Bug 2066891

Summary:	ovnkube-trace fails if the container doesn't have bash shell
Product:	OpenShift Container Platform	Reporter:	Pablo Alonso Rodriguez <palonsor>
Component:	Networking	Assignee:	Andreas Karis <akaris>
Networking sub component:	ovn-kubernetes	QA Contact:	Ross Brattain <rbrattai>
Status:	CLOSED WONTFIX	Docs Contact:
Severity:	high
Priority:	low	CC:	rbrattai
Version:	4.7	Flags:	rbrattai: needinfo-
Target Milestone:	---
Target Release:	---
Hardware:	Unspecified
OS:	Unspecified
Whiteboard:
Fixed In Version:		Doc Type:	If docs needed, set a value
Doc Text:		Story Points:	---
Clone Of:		Environment:
Last Closed:	2024-04-30 18:04:53 UTC	Type:	Bug
Regression:	---	Mount Type:	---
Documentation:	---	CRM:
Verified Versions:		Category:	---
oVirt Team:	---	RHEL 7.3 requirements from Atomic Host:
Cloudforms Team:	---	Target Upstream Version:
Embargoed:

Description Pablo Alonso Rodriguez 2022-03-22 17:05:13 UTC

Description of problem:

ovnkubernetes-trace requires bash while running some `oc exec` commands in the pods[1]. Many pods may not have bash at all. Good examples are:
- Alpine-based pods with ash
- Microcontainers with no shell at all.

Version-Release number of selected component (if applicable):

4.7 (also master)

How reproducible:

Always

Steps to Reproduce:
1. ovnkube-trace where at least one of the pods doesn't have bash installed

Actual results:

I0321 17:08:02.422880    6390 ovnkube-trace.go:252] Reading interface index from /sys/class/net/...
I0321 17:08:02.422924    6390 ovnkube-trace.go:255] The command is cat /sys/class/net/eth0/iflink
I0321 17:08:02.498786    6390 ovnkube-trace.go:259] The command error command terminated with exit code 1 stdOut:
 stdErr: time="2022-03-21T22:08:02Z" level=error msg="exec failed: container_linux.go:367: starting container process caused: exec: \"bash\": executable file not found in $PATH"
Failed to get information from pod myexamplepod-7ac851df37-6dm1a: command terminated with exit code 1

Expected results:

ovnkube-trace to work properly

Additional info:

In general, it is bad practice to exec in the application pods. Not only because it can be considered a disruption, but also because it is risky to make assumptions in what those pods contain.

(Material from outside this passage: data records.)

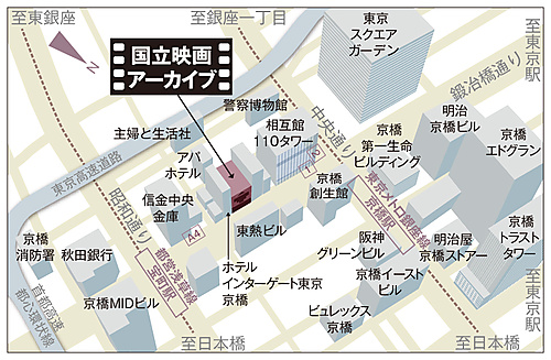 [住所]〒104-0031 東京都中央区京橋 3-7-6 [TEL]03-5777-8600(ハローダイヤル) ・東京メトロ銀座線京橋駅出口1から昭和通り方向へ徒歩1分 ・都営地下鉄浅草線宝町駅出口A4から中央通り方向へ徒歩1分 ・東京メトロ有楽町線銀座一丁目駅出口7より徒歩5分 ※2019年9月7日から11月頃まで改修工事のため出口7が閉鎖されます。期間中は、当館まで徒歩7分の出口9をご利用ください。 ・JR東京駅下車、八重洲南口より徒歩10分 ※駐車場・駐輪場はありません。公共交通機関をご利用ください。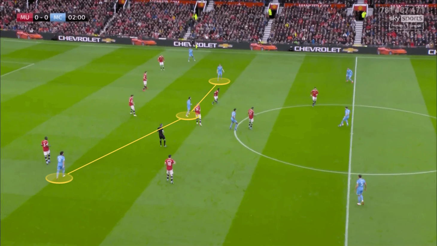 Эти примеры выглядят похожими на примеры игры Палмера, Гюндогана и Бернарду против “Эвертона”. Разница заключается в том, что в данном случае трио полузащиты изначально располагалось ниже и двигалось вперед. В матче же против мерсисайдцев Палмер наоборот опускался к полузащите из высокой позиции.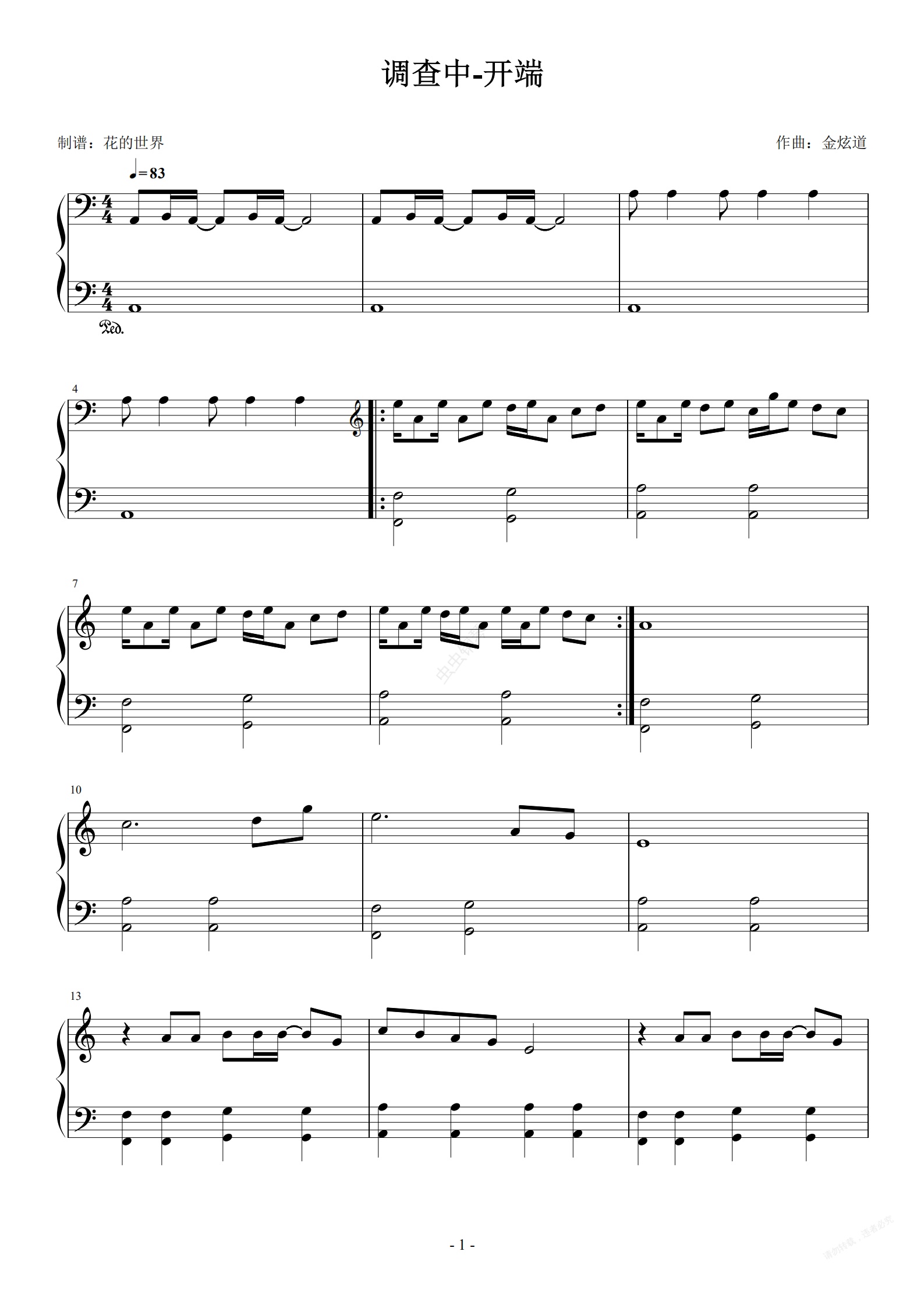 钢琴谱:调查中 开端 C调简单版 金炫道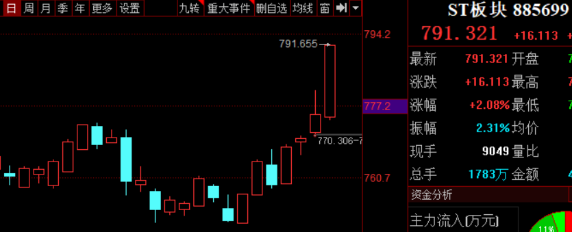 昨天市场又是颇为无聊的一天,成交额十分低迷,盘面也是让人昏昏欲睡,除了受到消息提振的科技还有些关注度外,其余方向大多是在摸鱼。每当市场陷入这种混沌无序状态时,妖气就会浓郁起来,典型代表就是ST板块,市场越弱它越嗨,看看最近都涨成啥样了。。

Given that the only place that seems to exec in a pod not belonging to ovn-kubernetes is here[2] and it seems that the intent is to get the interface index of the pod network interface, wouldn't it be possible to just go through the ovnkube-node container of the pod node to get that information in a container-image-agnostic way?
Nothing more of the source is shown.